Renewal of Ro is the nineteenth expansion for EverQuest II, released on November 30, 2022. The expansion features the return to the island of Ro where players explore new zones located on its southern half while assisting the dragon-touched Aerakyn race. It features new areas, abilities, dungeons, and raids, as well as teleporters for fast travel.

===Ballads of Zimara===

Ballads of Zimara is the twentieth expansion for EverQuest II, released on November 29, 2023. It features an increased level cap to 130 with five new Adventure and Tradeskill levels.

===Scars of Destruction===

Scars of Destruction is the twenty-first expansion for EverQuest II, and was released on November 20, 2024.

===Rage of Cthurath===

Rage of Cthurath is the twenty-second expansion for EverQuest II, and was released on December 10, 2025.

==Adventure packs==
===The Bloodline Chronicles===

The Bloodline Chronicles is the first Adventure Pack for EverQuest II. It introduced new areas, new items and new monsters.

Other features include:
- Five new areas, including the Tombs of Night, the Crypt of T'haen and D'Morte Burial Chambers.
- New instances for soloists, large and small groups and raids.
- New creatures such as Vampires, Hellhounds, Fleshgoyles and Revenants.
- New quests with different storylines for good and evil players alike.
- Ways to interact with the environment, including destructible walls.
- Themed content, including vampiric magic-based spells and items.
- New Neriak items for players of all levels.

===The Splitpaw Saga===

The Splitpaw Saga is the second Adventure Pack for EverQuest II. It introduced new areas, new items and new monsters.
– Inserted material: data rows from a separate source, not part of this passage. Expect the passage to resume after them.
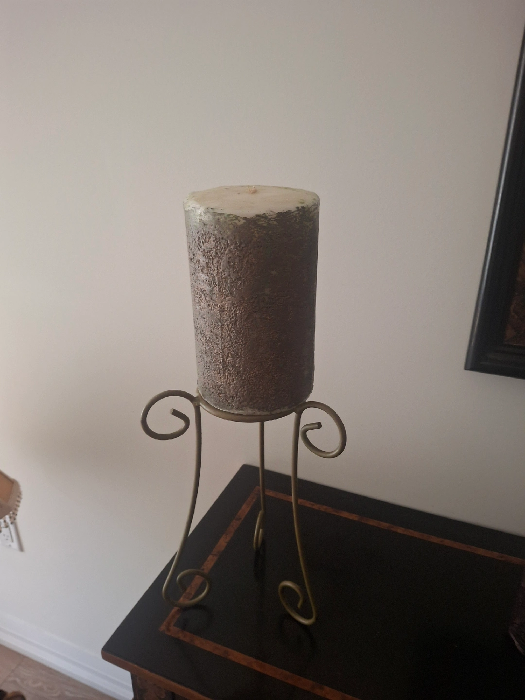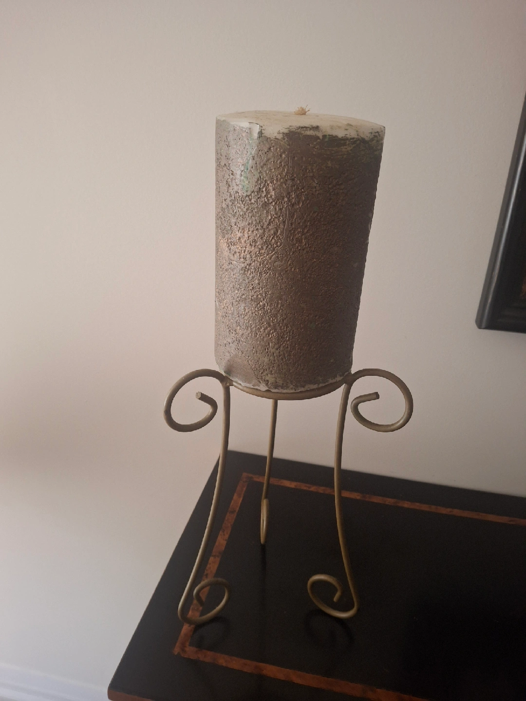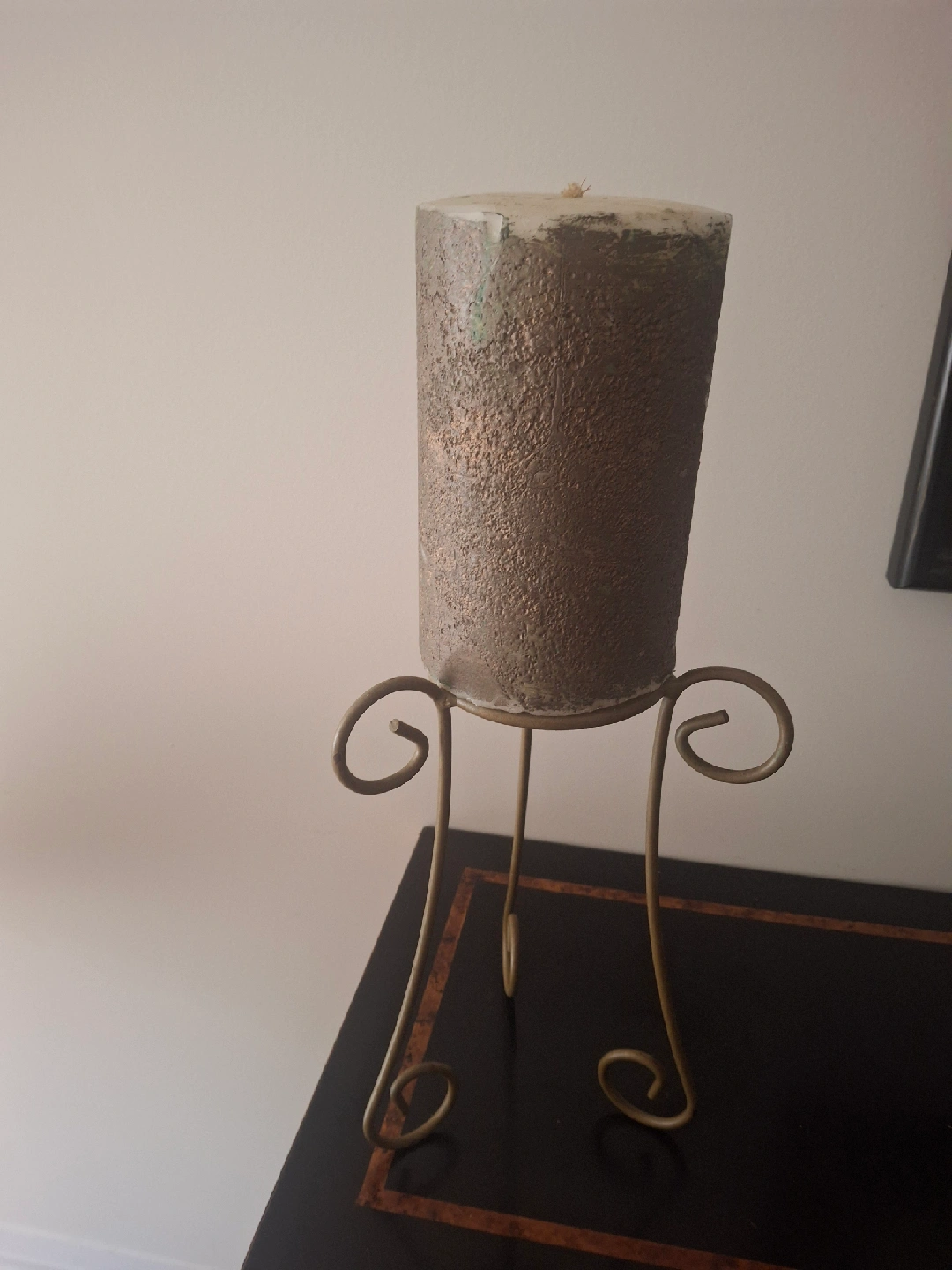 Selling a unique decorative candle with a metal stand. It adds a touch of elegance to any room. The candle has a textured finish, and the stand features a curly design. Perfect for creating a cozy atmosphere!
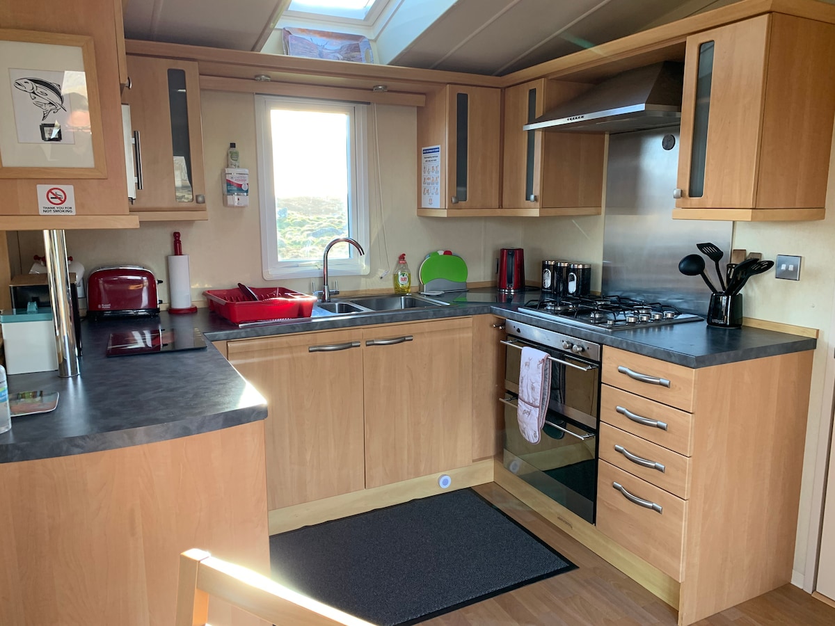 2 bedroom caravan with gas central heating. Master bedroom has a Double size bed an en suite and plenty storage. Second bedroom consists of 2 single beds and storage. Main bathroom has a fully closed walk in shower. The Kitchen/living area is open plan with a large fridge freezer, gas cooker, microwave, kettle & toaster. The living area has a 32" smart tv with freeview, electric fire and 2 recliner sofas. The living room opens out on to a patio area via double patio doors.
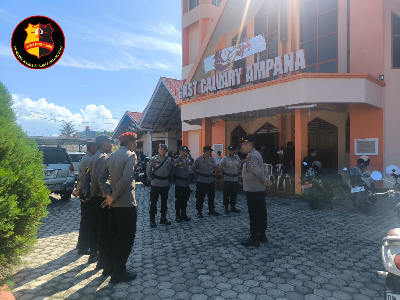 TOUNA – bidikhukumnews.com || Personel Polres Tojo Una Una beserta Polsek Jajaran melaksanakan Pengamanan Gereja dalam rangka Ibadah Memperingati Hari Paskah yang jatuh pada tanggal 18 April 2025.
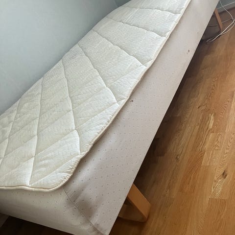 Jensen rammemadrass. Rammemadrassen har integrert treramme med fjærende kjerne og tekstiltrekk. Undersiden består av en fast ramme med trespiler, mens sidene og oversiden har polstret trekk. Egner seg som sengeløsning alene eller sammen med overmadrass og ben eller sengegavl etter behov. 2 stk a 90 cm. Det hvite trekket er avtagbart og kan vaskes (noe vi ikke har gjort). Fraktes til Trondheim søndag 8.februar, så hvis noen på strekket Oppdal-Trondheim ønsker de levert er det mulig.
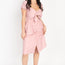 Imported S.M.L A knit dress featuring a solid color, short sleeves with ruched hem, a front tie cutout, a front button closure, a smocked back, and a knee length.. 85% Rayon 15% Nylon Pink IRI
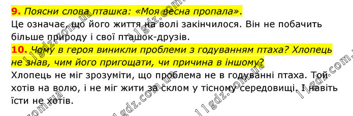 9. Поясни слова пташка: «Моя весна пропала». Це означає, що його життя на волі закінчилося. Він не побачить більше природу і свої пташок-друзів. 10. Чому в героя виникли проблеми з годуванням птаха? Хлопець не знав, чим його пригощати, чи причина в іншому? Хлопець не міг зрозуміти, що проблема не в годуванні птаха. Той хотів на волю, і не міг жити за склом у тісному середовищі. І навіть їсти не хотів.
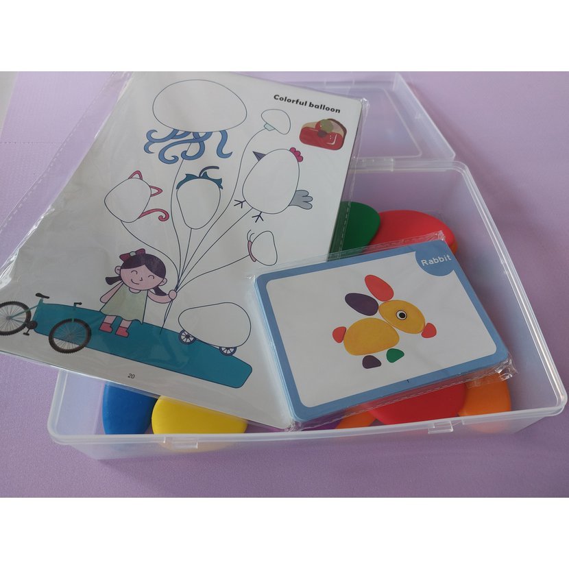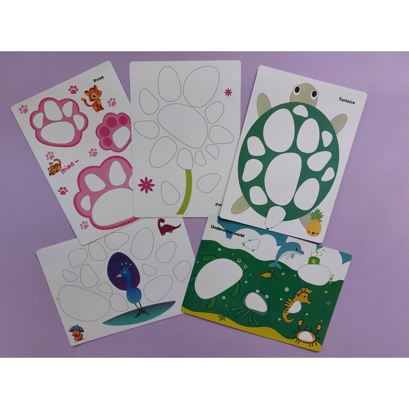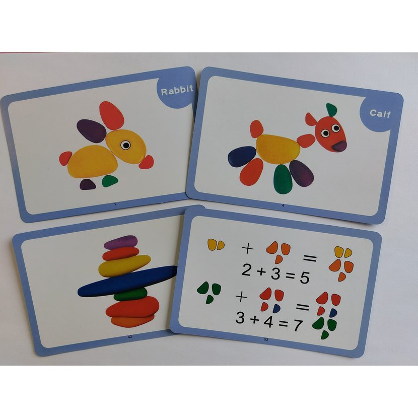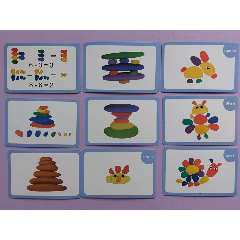 Malé šablonové karty poslouží jako perfektní předloha ke hrám s oblázky na stole. Při skládání oblázků na sebe je vyžadována soustředěnost a jemná motorika, zatímco aritmetické hry a počítání rozvíjí matematické dovednosti.
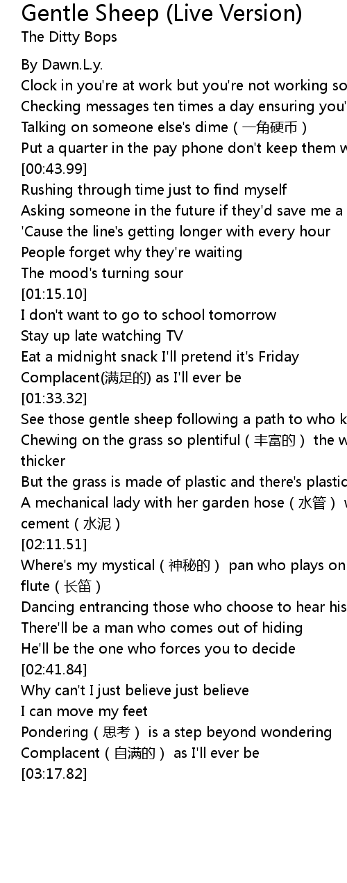 | [01:44.62] | See those gentle sheep following a path to who knows where |
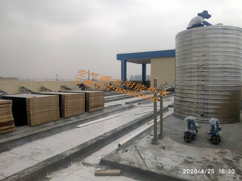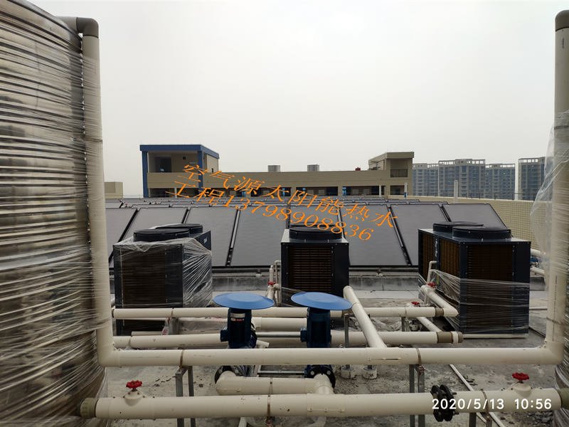 企業(yè)宿舍800人40噸生活熱水--赫派空氣能熱泵配五星太陽能平板集熱器
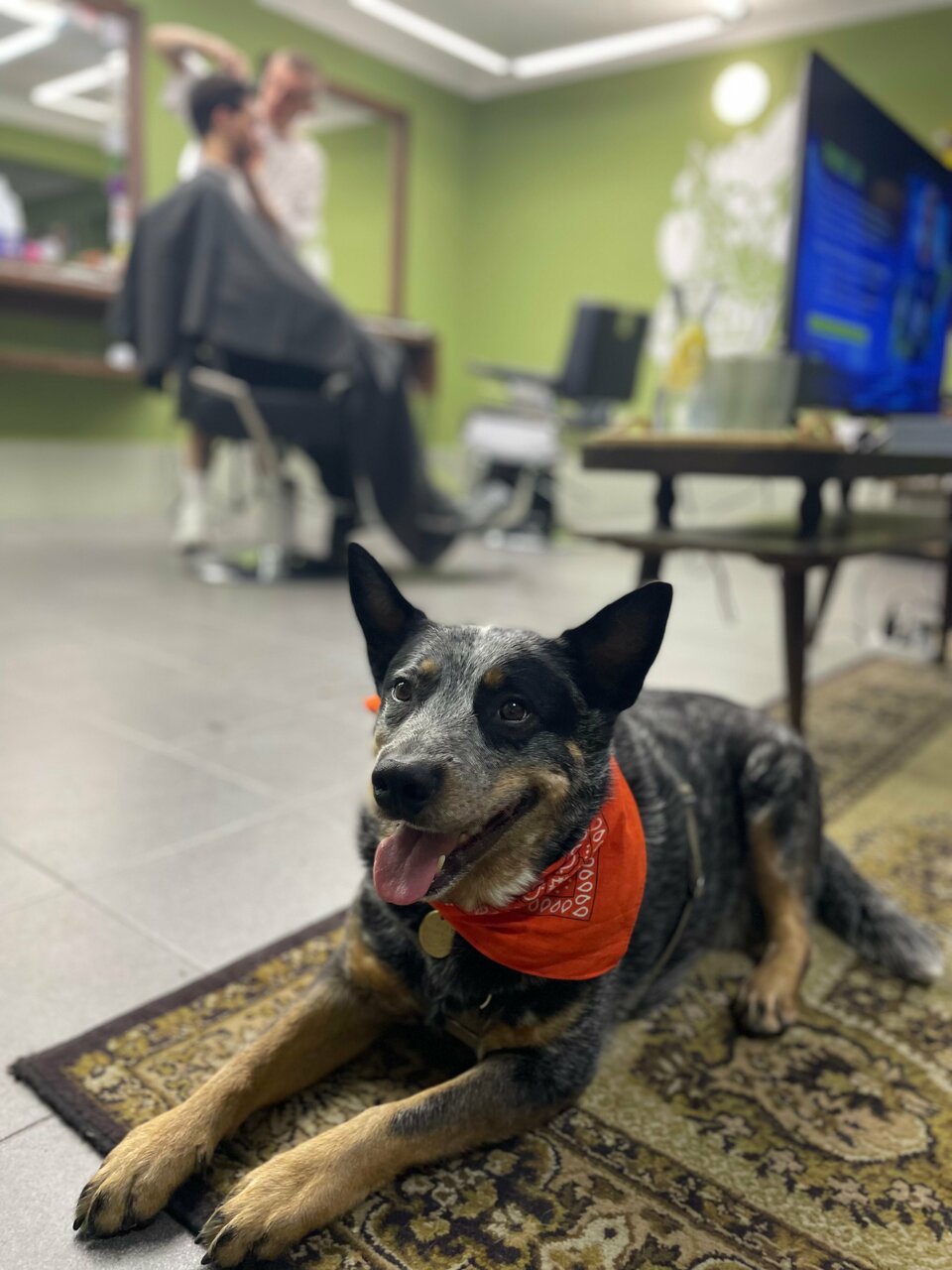 Оч круто подстригли! Стильно и красиво прям как в московских барбершопах И можно с собакой что тоже приятно)
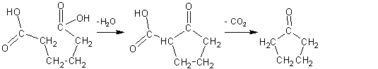 As can be seen from the above formula row, 2-cyclopentancarboxylic acid is produced from adipic acid via ester condensation. This is, as is typical for ß-keto acids, very susceptible to the loss of carbon dioxide. To be precise, it is the respective barium salt which, of course, reacts under the chosen reaction conditions. That the ester condensation does not lead to polymers is easily explained by the fact that on the one hand a particularly stable five-membered ring is formed by the intramolecular reaction and on the other that the involved atoms necessarily (favorably) lie close to one another in the intramolecular reaction. One compares this with the behavior of other dicarboxylic acids.
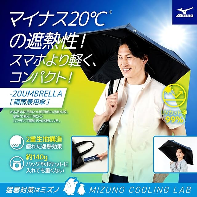 商品名:MIZUNO(ミズノ) 日傘 -20 UMBRELLA PEANUTS トゥエンティアンダーアンブレラ ピーナッツ ユニセックス 軽量約140g 親骨長さ約50cm 晴雨兼用 UVカット率99% ダブルシェード構造 ラテ/チョコレート 収納袋付
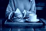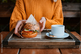 Healthy fast food. Woman holding tasty looking hamburger with vegetables and chicken
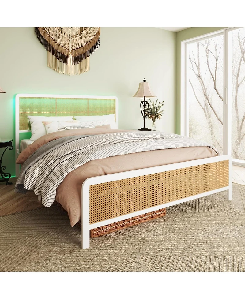 Unique Rattan Style: The rustic and synthetic rattan headboard and footboard add a touch of unique charm to your bedroom, while the sleek design of the bed frame complements any decor style. The rattan headboard offers a contrast against the smooth lines of the bed frame, making it an outstanding decorative piece.led Light Rattan Headboard: The rattan bed frame features a built-in Rgb Led light strip that provides a leisurely atmosphere for your night. Additionally, the Led lights will change color with the rhythm of the sound and music, making your bedroom experience more dynamic and fun.protective Design: The curved design of the headboard and footboard not only adds to the aesthetics but also provides a sense of security. The rubber non-slip pads under the legs protect your floor from scratches and keep the bed frame stable.sturdy And Durable: Crafted from durable Pe rattan cane and heavy-duty metal support frames, this bed frame is robust and reliable and
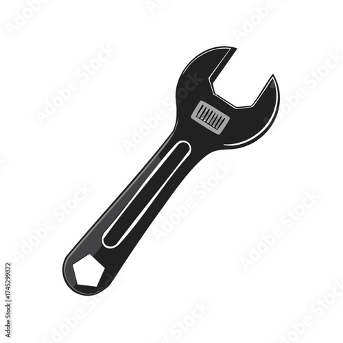 Black adjustable spanner tool vector icon for hardware, mechanics, and repair
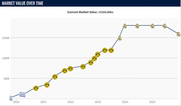本赛季贝林厄姆代表皇马出战17场比赛,贡献4粒进球和3次助攻,2023年7月贝林厄姆以1.27亿欧元的转会费加盟皇马。
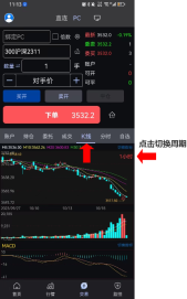 2、点击周期切换中的分时可切换到当前合约的分时图上
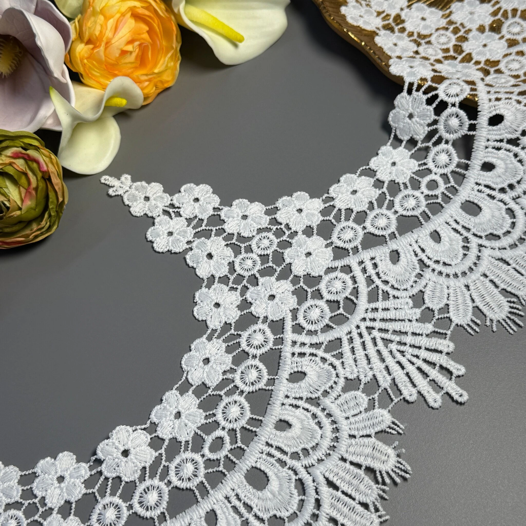 Мереживо поліестер – декоративний матеріал з синтетичного волокна, що відзначається високою зносостійкістю та стабільністю форми. Поліестер не схильний до деформацій, не розтягується і не мнеться, що робить мереживо придатним для частого використання.
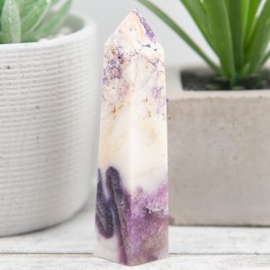 Whether displayed as a centerpiece in your sacred space, used in meditation and energy healing practices, or cherished as a unique addition to your crystal collection, the Morado Purple Opal Tower is sure to leave a lasting impression. Its combination of rare grape opal royale, opalized fluorite, and vibrant purple hues makes it a true treasure among crystals.
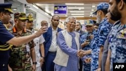 Yunus yê 84 bi firokekê ji Parîsê rabû li Firîngeha Navneteweyî ya Hasrat Şahjalal daket. Rêberê Artêşa Bangladaşê General Waker-Uz-Zaman û hin karbidestên din yên payabilind yên leşkerî çûn pêşwazîya wî.
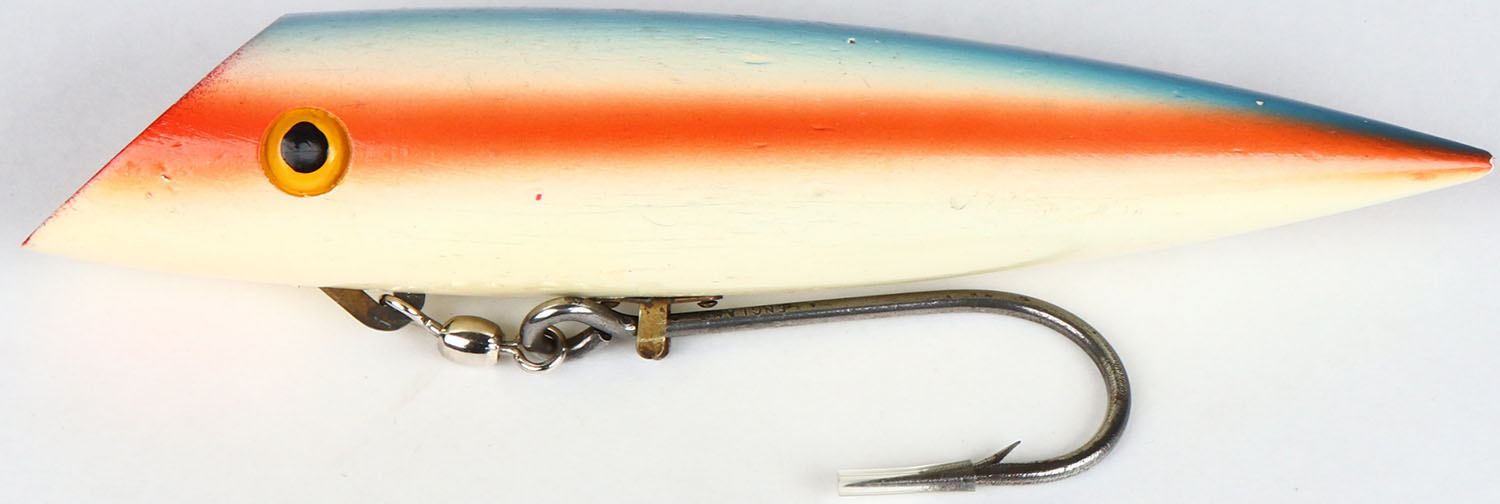 | L.E. Olsen Salmon Plug, CE, well marked, red, white & blue. Gra...
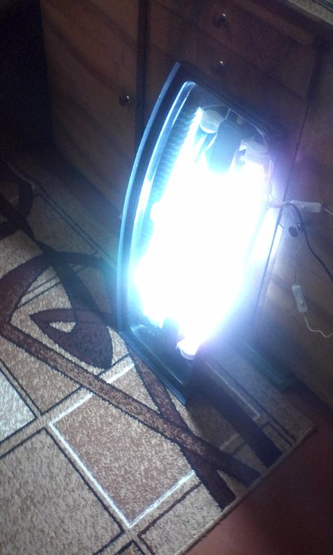 переделал крышку на днях, мало света было, на светильники денег нет.., сначала думал добавить Т5 лампу, но потом пораскинув мозгами и окрутив крышку решил вставить стандартные патроны и компактные энергосберегайки., перенес ЭПРА на заднюю стенку, вырезал часть ниши, вставил патроны, сделал проводку, залил все горячим силиконом, лампы поставил 2 по 35В 6400К, сначала убрал одну Т8 и вместо нее были пластинки светодиодов (купленые уже давно), но потом решил вернуть и вторую Т8 и светодиоды перенести немного вперед (на фото к сожалению еще первый вариант с одной Т8), когда ставил назад Т8 и перемещал диоды сделал сверху люки для вентиляции и наклеил на них для декоративности (и чтоб свет в потолок не лупил) решетки пластиковые для бытовых вытяжек (тоже к сожалению не сфотографировал это изменение).., и того две Т8 по 20В, 5 планок с диодами - вроде как 22В вместе, и две по 35В, получается 132В на 115 л. аквариума)

The adventure pack allows characters to use moveable planks, crates and barrels in a series of event-based zones where they will face gnolls opponents designed for players between 20th and 50th level.

Other features are:
- 12 different solo, group and raid instances.
- 2 new dungeons with twelve additional instanced zones.
- Dozens of scenario-based quests.
- Foes scale to match the players' levels.

===The Fallen Dynasty===

The Fallen Dynasty is the third adventure pack. It introduced new areas, new items, new monsters and quest lines. It added new content for characters levels 55 through 70:
- Seven areas to explore.
- New solo and small group quests lines, as well as heroic and epic encounters for levels 55 through 70.
- Brand new collection and tome quests.
- New artisan rewards that assist in the crafting process.
- Many new items, including weapons designed in the Fallen Dynasty theme.

===Rum Cellar===

Rum Cellar is a "campaign"-style adventure pack with a pirate theme set in a series of large distilleries. The pack features a number of solo and group-oriented zones along with one raid zone designed for players at least level 100. The campaign requires the purchase of the Altar of Malice expansion, released five months earlier. Daybreak Games included both Rum Cellar and Alter of Malice together as a bundle, both with the standard or collector's edition of the expansion.

==The Complete Collection==
On October 22, 2009, Sony Online Entertainment released EverQuest II: The Complete Collection, a retail bundle which included the base game, the first three adventure packs, and the first six expansions up to The Shadow Odyssey. The package also came with 500 Station Cash to use in the in-game digital store, and 60 days of free game time. The Complete Collection was the fifth-highest-selling PC game in North America for the week of November 5-12 of the same year.